AI-generated software code is another interesting thing for me. The biggest advancement in this space is of course Github's Copilot which can generate working code from a natural language description. It has the same controversial problem with the source material as it was trained on largely open source code which may have usage restrictions. While currently, Github Copilot is limited to writing functions in a single file (I only tried the Beta, maybe this has changed?) I can imagine future AI-assisted coding tools to allow generation of more complex boilerplate code for entire projects like a React frontend or a Django/rails backend with a natural language request perhaps somewhat similar to the one made in this joke meme:
Of course it's not going to be that simple. The same caveats about specificity apply, perhaps even more so compared to images. There is a lot to be specified in a software project, most likely you would need to define screens using descriptions like:
- "a CRUD maintenance screen with the following fields: aaaa, bbbb (use an autocomplete dropdown from [some url]), cccc (numeric). Use standard button set."
- "add a standard checkout screen with the following options: ..."
- "an image gallery in a carousel loading the images from [source url] with the schema [this url]; clicking each image should zoom in and provide the following details: (...)"
It's not unlike writing a technical spec! So it would definitely still be technical work just with a more natural language and not some kind of "no code" solution. The prompt engineering in this case could act as an additional layer of abstraction over the generated code. The same way we have a compiler as a tool to translate our programming languages into lower level languages, the AI code-generation tools would help translate our natural language prompts into code. Most likely the generated code would be boilerplate/template code that would most still need to review and tweaks by an experienced (human) developer, although perhaps as the tools mature the generated code gets better and better and the human developer can get to focus more on higher-value tasks like performance optimization or developing algorithms for new processes that the AI doesn't know yet.
This is all just a fantasy right now of course, but something that might be possible down the line. It will be interesting to see whether our industry adapts to wide usage of this kind of tool or whether the old ways still prevail.
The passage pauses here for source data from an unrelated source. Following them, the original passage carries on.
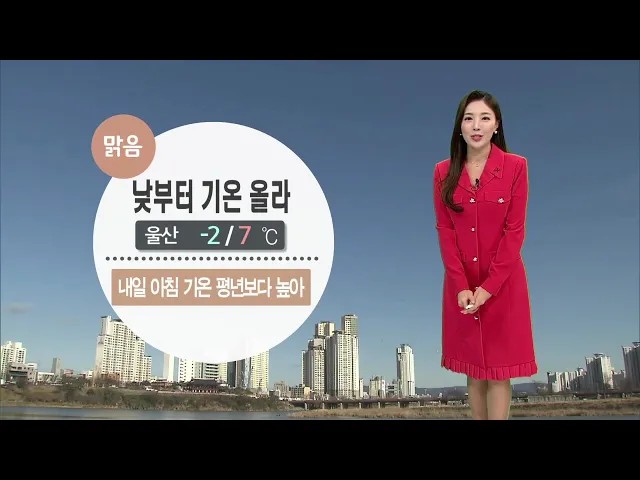 [한낮 최고 7도... 하늘 맑고 대기 건조해요]1) 2021년 새해 첫 월요일입니다. 새해 복 많이 받으시기 바랍니다. 오늘은 남해상에 위치한 고기압의 가장자리에 들면서 하늘 맑겠는데요. 현재 기온은 영하권이지만, 한낮 최고기온은 7도로 예상돼 낮 동안 크게 춥진 않겠습니다. 이렇게 낮부터 일시적으로 기온이 올라서 내...
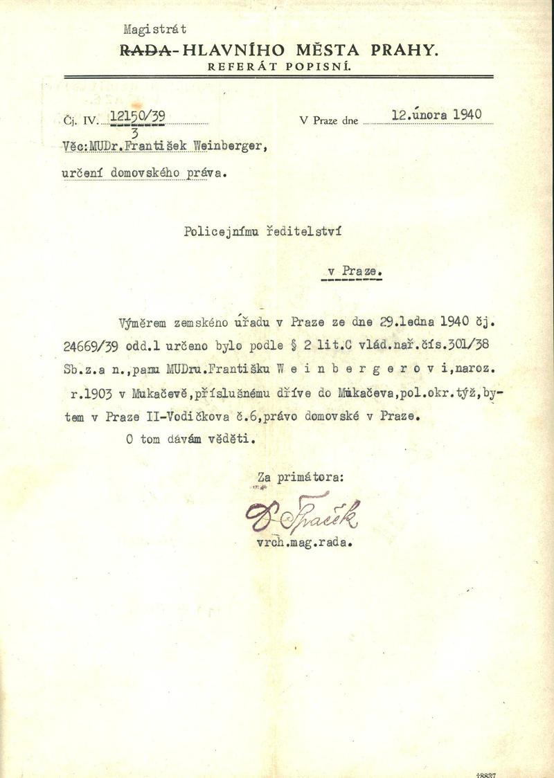 Weinberger František: NEZPRACOVÁNO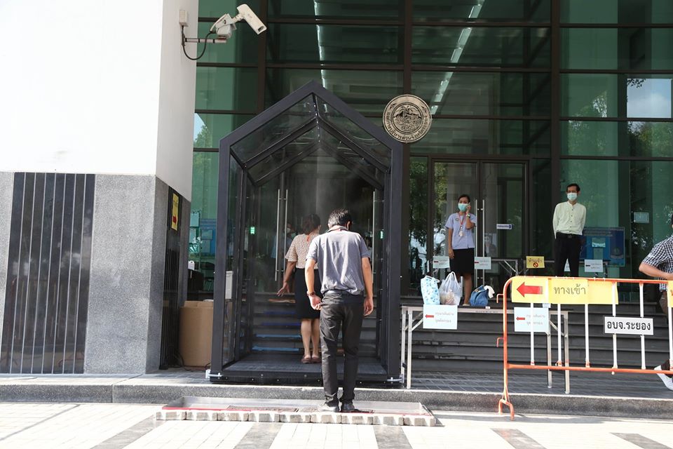 อบจ.ระยอง ติดตั้งอุโมงค์พ่นยาฆ่าเชื้อก่อนเข้าอาคารสำนักงาน เพื่อลดความเสี่ยงจากCovid-19 ให้แก่ประชาชน และข้าราชการ พนักงาน อบจ.ระยอง โดย ขั้นตอนแรก ย่ำบนผ้าเช็ดเท้าก่อนเดินเข้าไปในอุโมงค์พ่นยาฆ่าเชื้อ หลังจากนั้น เข้าไปในอุโมง และเดินออกมา ทำการย่ำบนผ้าเช็ดร้องเท้าอีกครั้ง ต่อจากนั้นเดินเข้ามายังจุดคัดกรองวัดอุณหภูมิร่างกายโดยพยาบาลวิชาชีพและล้างมือด้วยแอลกอฮอล์ล์ก่อนเข้าไปในอาคารองค์การบริหารส่วนจังหวัดระยอง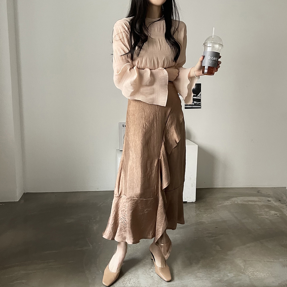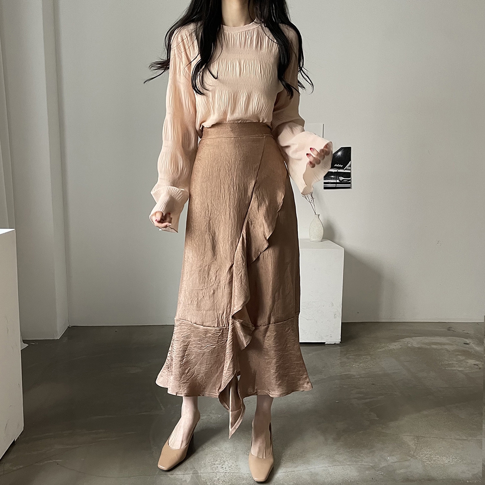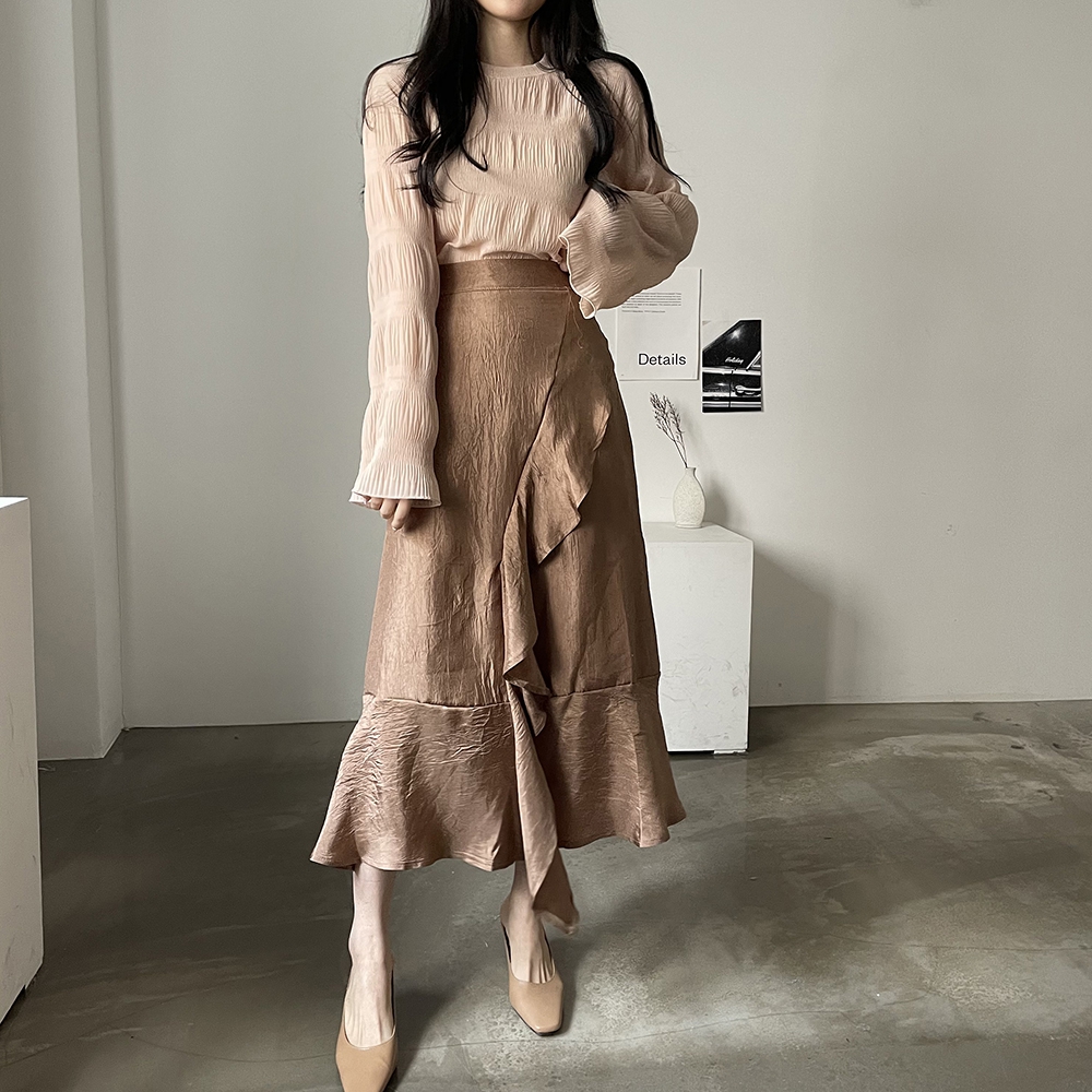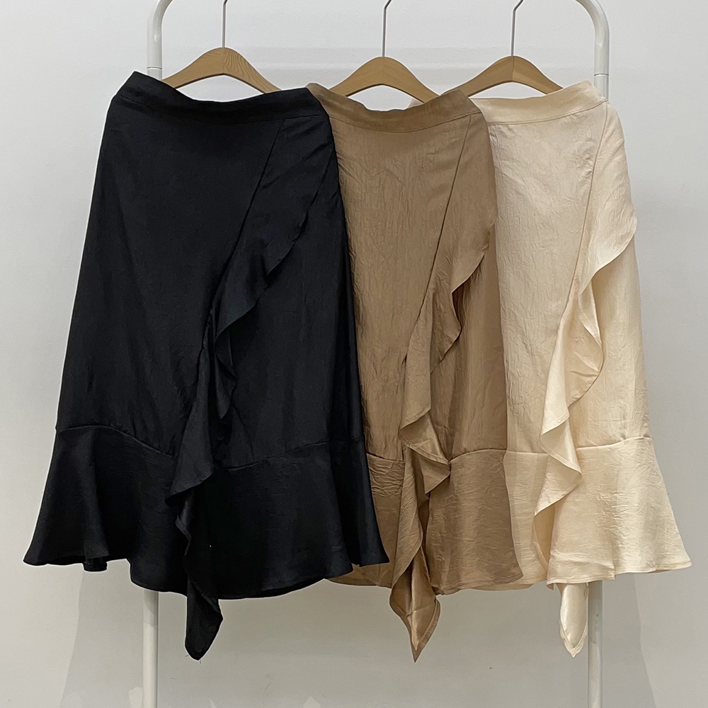 은은한 광택감이 우아한 샤틴 프릴 롱스커트에요.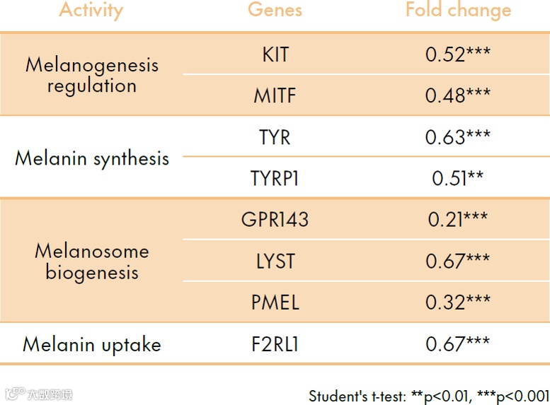 Illuminyl™388是一种强大的亮白分子,下调了参与色素沉着过程4个主要阶段的一整套基因的表达:黑色素生成、酪氨酸酶活性、黑素体成熟和黑色素转移▼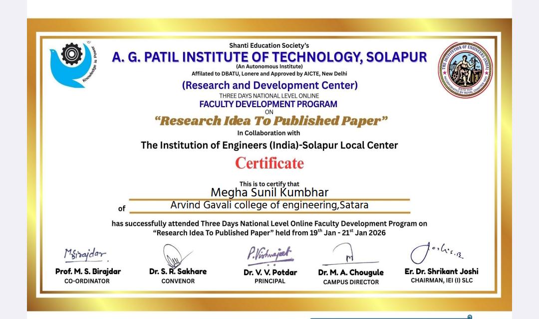 Certification of FDP "Research Idea To Publish Paper" which is held by A. G. Patil Institute of Technology, Solapur from 19th Jan to 21st Jan 2026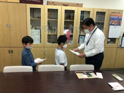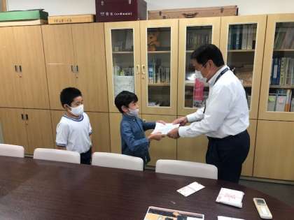 休み時間に校長先生の部屋で表彰を行い、表彰状と賞品を受け取りました。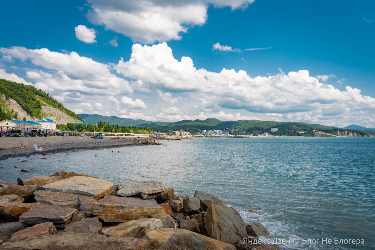 Третий день отдыха в курортном городке Лермонтово порадовал нас потрясающей солнечной погодой. С самого утра светит солнышко, а пушистые кучевые облака только придают дополнительный колорит, и дополняя деталями местные ландшафты. Честно говоря, мы совершенно случайно оказались в этом месте. Я никогда не любил галечных пляжей и в основном мы предпочитаем выбираться в Витязево или Благовещенское. Но оказавшись проездом в окрестностях Джубги, все-таки решили сделать остановку и не пожалели об этом ни на минуту. В этой поездке нам повезло вдвойне. Мы наконец-то отыскали неплохой благоустроенный кемпинг, с удобным подъездом к морю и всеми условиями для комфортной стоянки с автодомом. Собственно, прямо сейчас я расположился в удобном раскладном кресле в пятнадцати метрах от береговой линии, и пишу в блог эти строки, наслаждаясь потрясающим видом на бирюзовую гладь воды. Поводом написать сегодня эту статью стала небольшая фотосессия, которую мы спонтанно провели с супругой, пока прогуливалис

The whole "content generation using AI" trend started with text generation using tools like GPT-3. Currently the biggest strides are being made in static image generation, but one can imagine in the future it could be extended to other sort of media - videos, animation, music, and software as mentioned above etc. You can even mix tools to do something like gamedev prototyping maybe?
If we don't get some kind of resolution on the ethical and copyright issues before then, we certainly will by the time the RIAA or MPAA get into it!
AI/machine learning may very well turn out to be one of the more crucial advancements of the next few years, certainly more interesting and a larger possible impact than the whole blockchain thing. It will be interesting to see how it all shakes out and whether we can overcome all the raised concerns.
As for me, I've just about run out of free Midjourney credits. I might take the time to try to install Stable Diffusion later on (not sure if my PC can handle it) and try it out as well.